Recently, due to project requirements, Kafka's producer needs to be used. However, for C ++, Kafka is not officially supported.

On the official Kafka website, you can find the 0.8.x client. The client that can be used has a C-version client. Although the client is still active, there are still many code problems and the support for C ++ is not very good.

There is also the C ++ version. Although the client is designed according to the idea of C ++, it was last updated on January 1, December 19, 2013 and has not been updated for a long time.

I have learned from the official website that Kafka authors are not satisfied with the existing producer and consumer designs. They intend to release a new producer and consumer in Kafka 0.9.
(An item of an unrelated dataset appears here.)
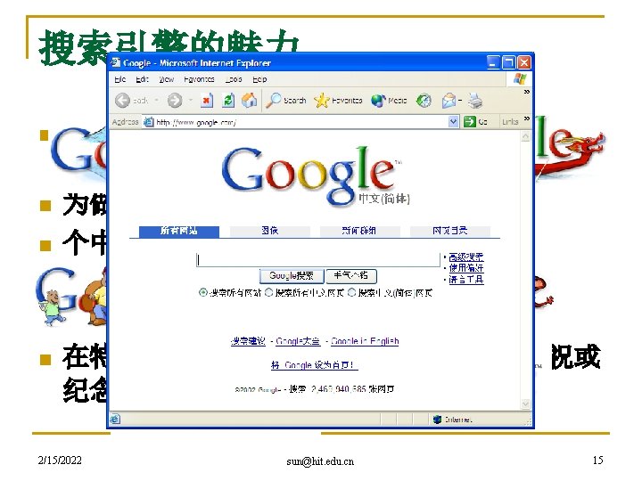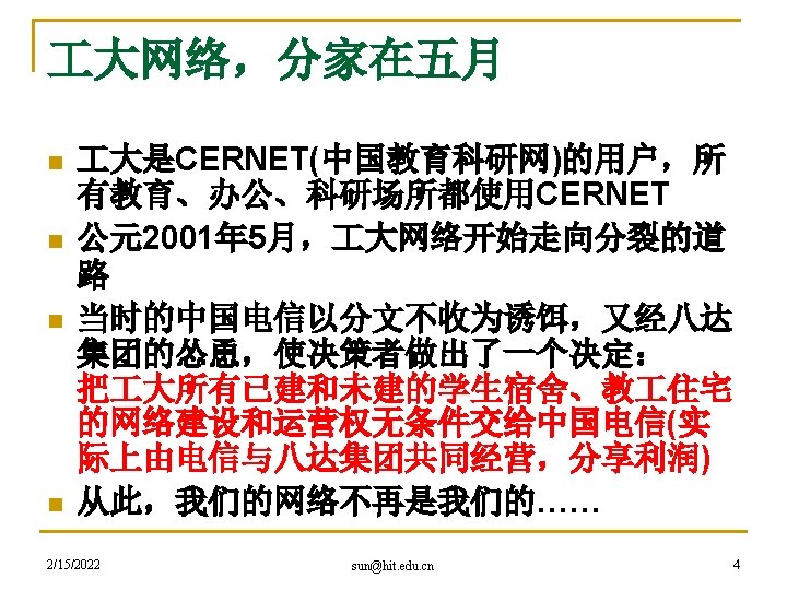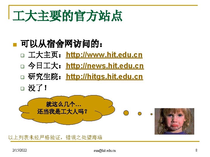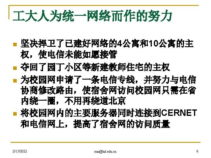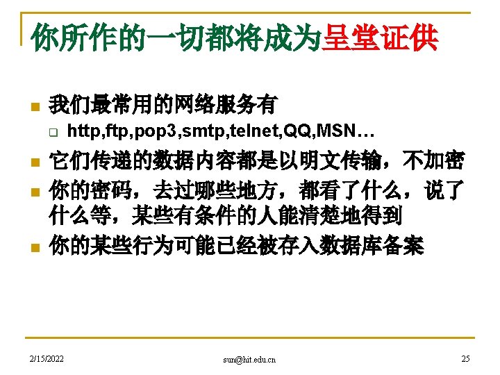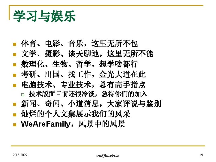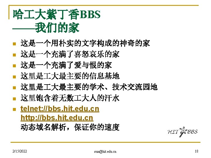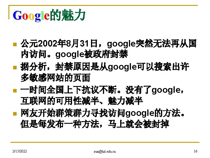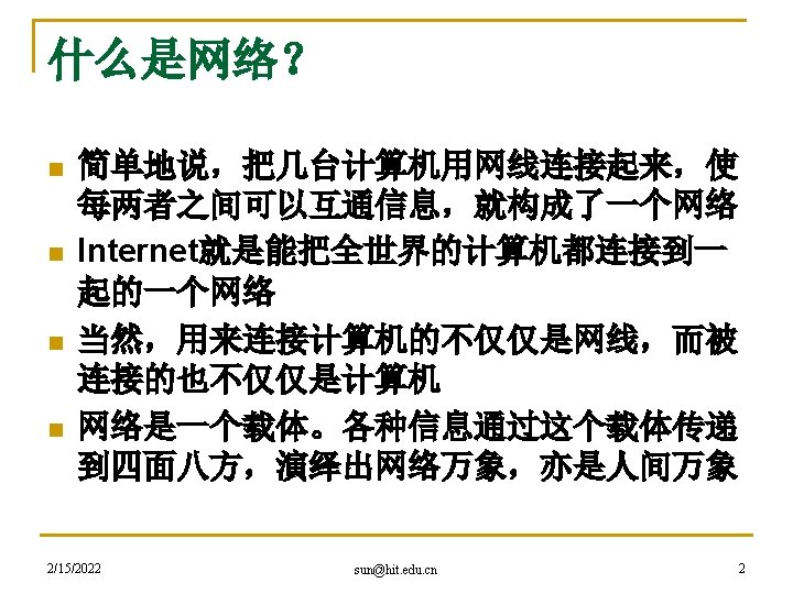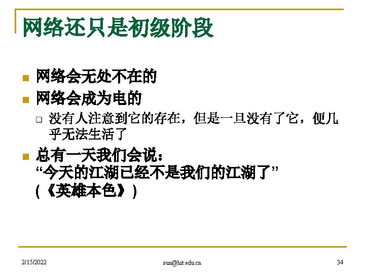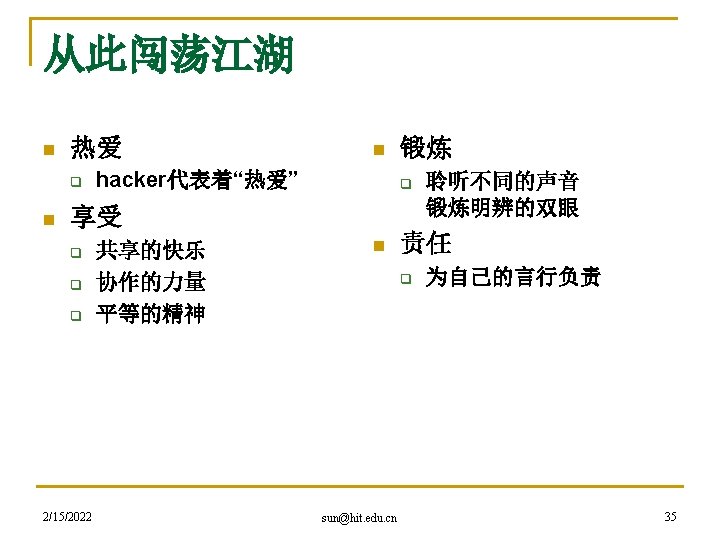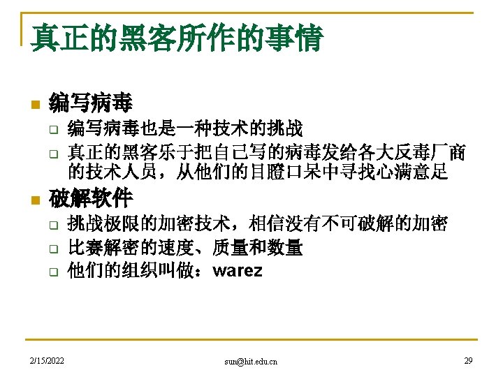 hacker精神是网络精神的代表 n 黑客本不黑 q q q 2/15/2022 An expert at programming and solving problems with a computer. -- Merriam-Webster’s Dictionary One who is proficient at using or programming a computer; a computer buff. -- American Heritage Dictionary Someone who loves to program and enjoys being clever about it. -- Richard Stallman sun@hit. edu. cn 27

The new producer has been included in the kafka0.8.1 source code. The official description is as follows.

3.4 new producer configs

We are working on a replacement for our existing producer. The Code is available in trunk now and can be considered beta quality. below is the configuration for the new producer

The new producer is still in beta version. However, in kafka0.9, both the new producer and consumer become stable versions and provide more functions. The old producer version is implemented by Scala and provides APIs for Java to call. The new producer version is directly implemented in Java.

2 introduction to the basic producer class

The source code tree is as follows:

Producerperformance. Java under the org. Apache. Kafka. Clients. Tools Package contains the most basic usage of producer.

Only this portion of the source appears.